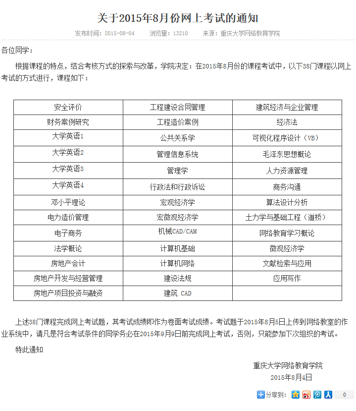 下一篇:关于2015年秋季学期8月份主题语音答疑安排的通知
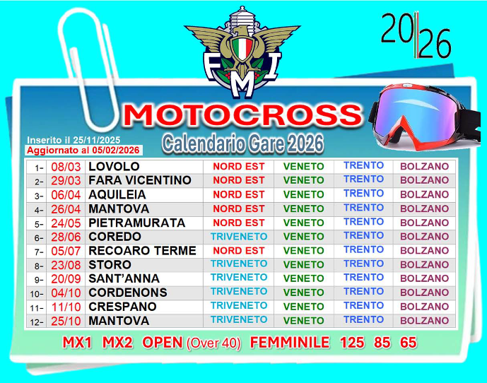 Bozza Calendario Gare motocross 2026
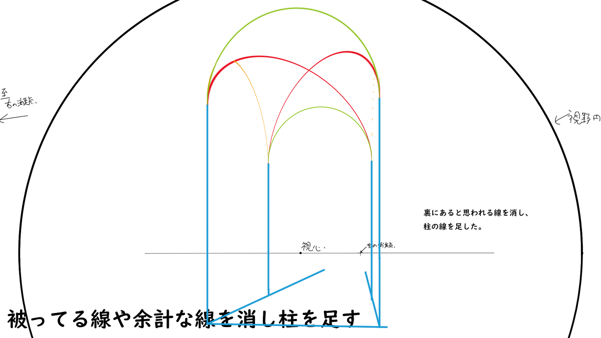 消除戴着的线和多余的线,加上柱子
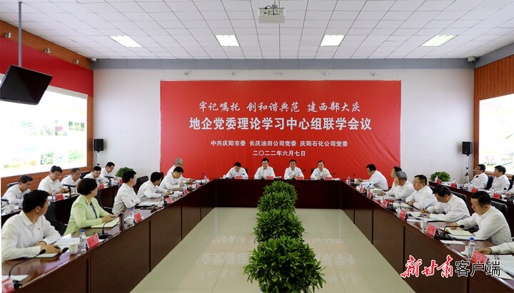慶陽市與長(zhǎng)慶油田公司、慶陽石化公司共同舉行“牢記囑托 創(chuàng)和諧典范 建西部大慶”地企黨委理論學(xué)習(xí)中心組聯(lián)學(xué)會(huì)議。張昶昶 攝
..............................
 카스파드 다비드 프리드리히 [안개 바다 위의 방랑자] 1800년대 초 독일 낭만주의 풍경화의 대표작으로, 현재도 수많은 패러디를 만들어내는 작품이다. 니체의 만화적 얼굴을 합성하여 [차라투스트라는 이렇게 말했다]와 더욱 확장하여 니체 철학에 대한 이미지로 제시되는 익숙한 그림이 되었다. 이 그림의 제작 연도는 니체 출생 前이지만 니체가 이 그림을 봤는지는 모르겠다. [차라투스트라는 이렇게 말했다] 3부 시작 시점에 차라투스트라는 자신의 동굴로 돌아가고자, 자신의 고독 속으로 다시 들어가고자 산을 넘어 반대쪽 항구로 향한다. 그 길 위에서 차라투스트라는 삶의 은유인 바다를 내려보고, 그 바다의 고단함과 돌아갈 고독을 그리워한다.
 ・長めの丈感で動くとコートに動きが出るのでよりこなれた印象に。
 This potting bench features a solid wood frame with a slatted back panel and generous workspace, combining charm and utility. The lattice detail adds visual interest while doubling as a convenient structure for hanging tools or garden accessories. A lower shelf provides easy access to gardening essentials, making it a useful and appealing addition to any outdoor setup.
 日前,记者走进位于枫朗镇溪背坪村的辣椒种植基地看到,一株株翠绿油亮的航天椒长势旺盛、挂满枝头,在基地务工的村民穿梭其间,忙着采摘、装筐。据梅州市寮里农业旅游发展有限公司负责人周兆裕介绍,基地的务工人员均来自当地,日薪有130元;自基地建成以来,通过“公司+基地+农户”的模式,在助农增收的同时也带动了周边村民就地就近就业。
..............................
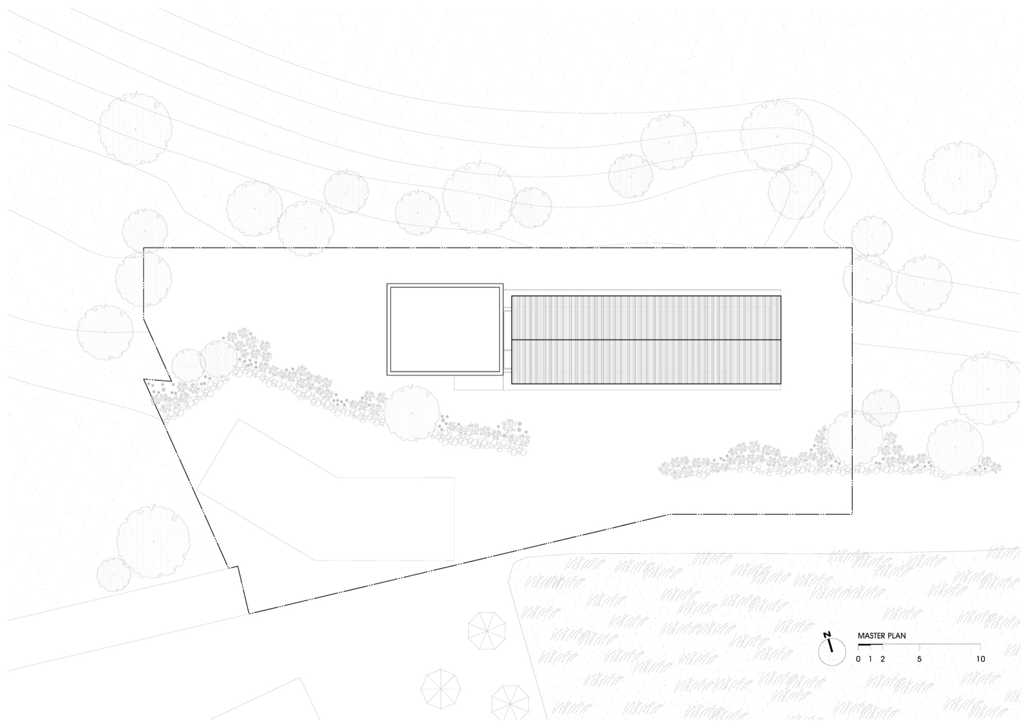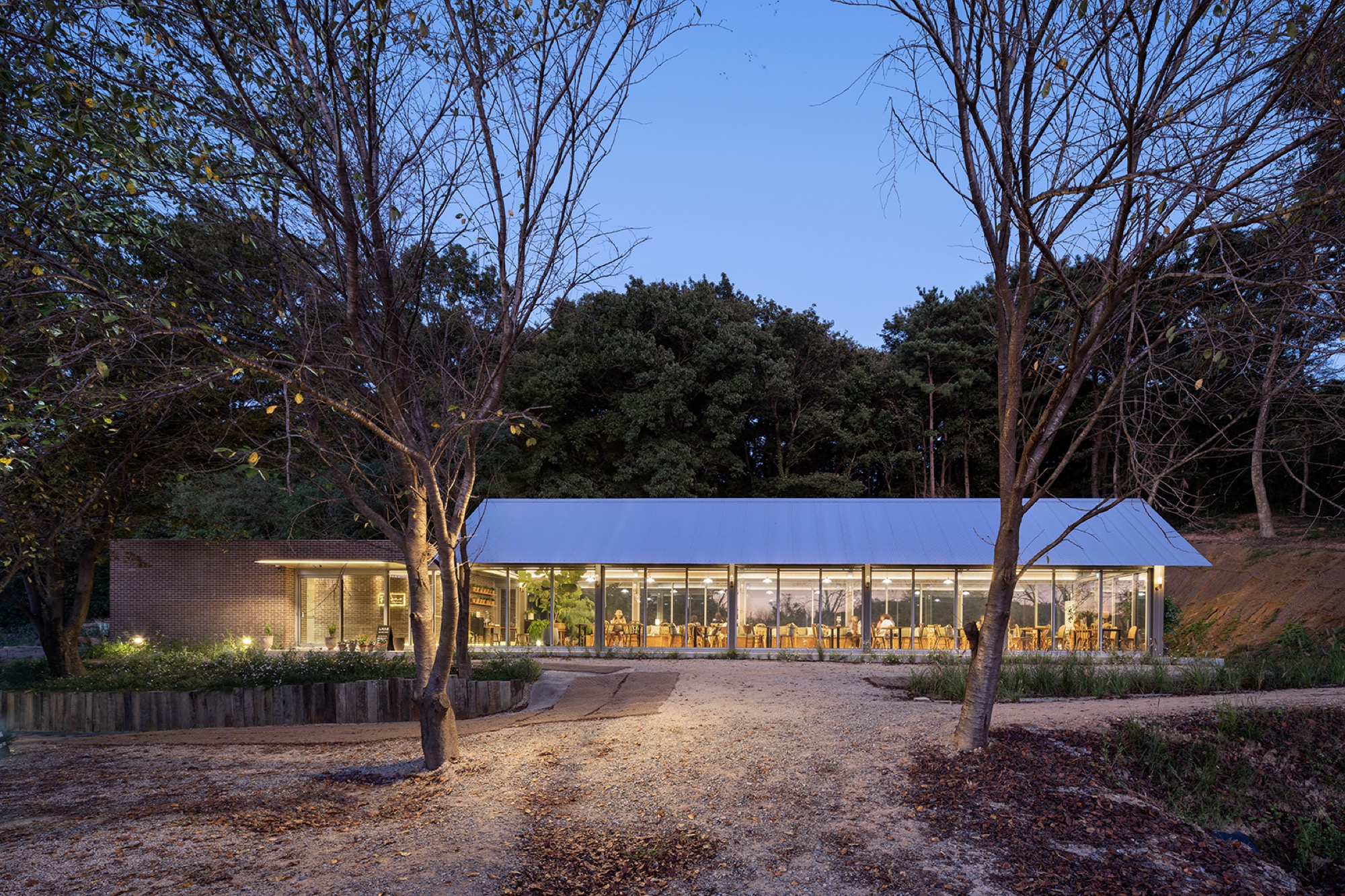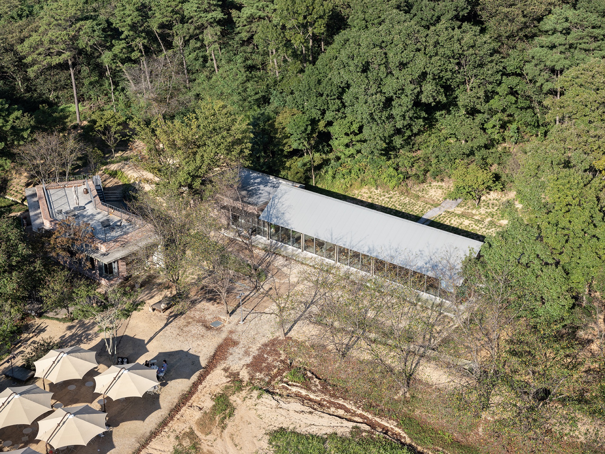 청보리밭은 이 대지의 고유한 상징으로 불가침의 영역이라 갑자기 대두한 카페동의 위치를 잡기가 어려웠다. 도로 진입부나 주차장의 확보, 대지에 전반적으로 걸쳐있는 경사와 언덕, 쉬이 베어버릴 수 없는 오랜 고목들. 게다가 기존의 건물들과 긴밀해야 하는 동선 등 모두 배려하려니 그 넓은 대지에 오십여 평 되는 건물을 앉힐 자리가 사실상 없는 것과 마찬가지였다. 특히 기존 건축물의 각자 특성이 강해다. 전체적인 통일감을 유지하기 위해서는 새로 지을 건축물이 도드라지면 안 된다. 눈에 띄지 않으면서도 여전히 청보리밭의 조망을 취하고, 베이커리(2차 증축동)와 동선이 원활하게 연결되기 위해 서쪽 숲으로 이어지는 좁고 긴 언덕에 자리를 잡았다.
..............................
There is a line with "This potting bench" and a line with "日前,记者走进位于枫朗镇溪背" above. Copy exactly those two lines and all lines between them, with nothing else.

» **Completed exercise**
 This potting bench features a solid wood frame with a slatted back panel and generous workspace, combining charm and utility. The lattice detail adds visual interest while doubling as a convenient structure for hanging tools or garden accessories. A lower shelf provides easy access to gardening essentials, making it a useful and appealing addition to any outdoor setup.
 日前,记者走进位于枫朗镇溪背坪村的辣椒种植基地看到,一株株翠绿油亮的航天椒长势旺盛、挂满枝头,在基地务工的村民穿梭其间,忙着采摘、装筐。据梅州市寮里农业旅游发展有限公司负责人周兆裕介绍,基地的务工人员均来自当地,日薪有130元;自基地建成以来,通过“公司+基地+农户”的模式,在助农增收的同时也带动了周边村民就地就近就业。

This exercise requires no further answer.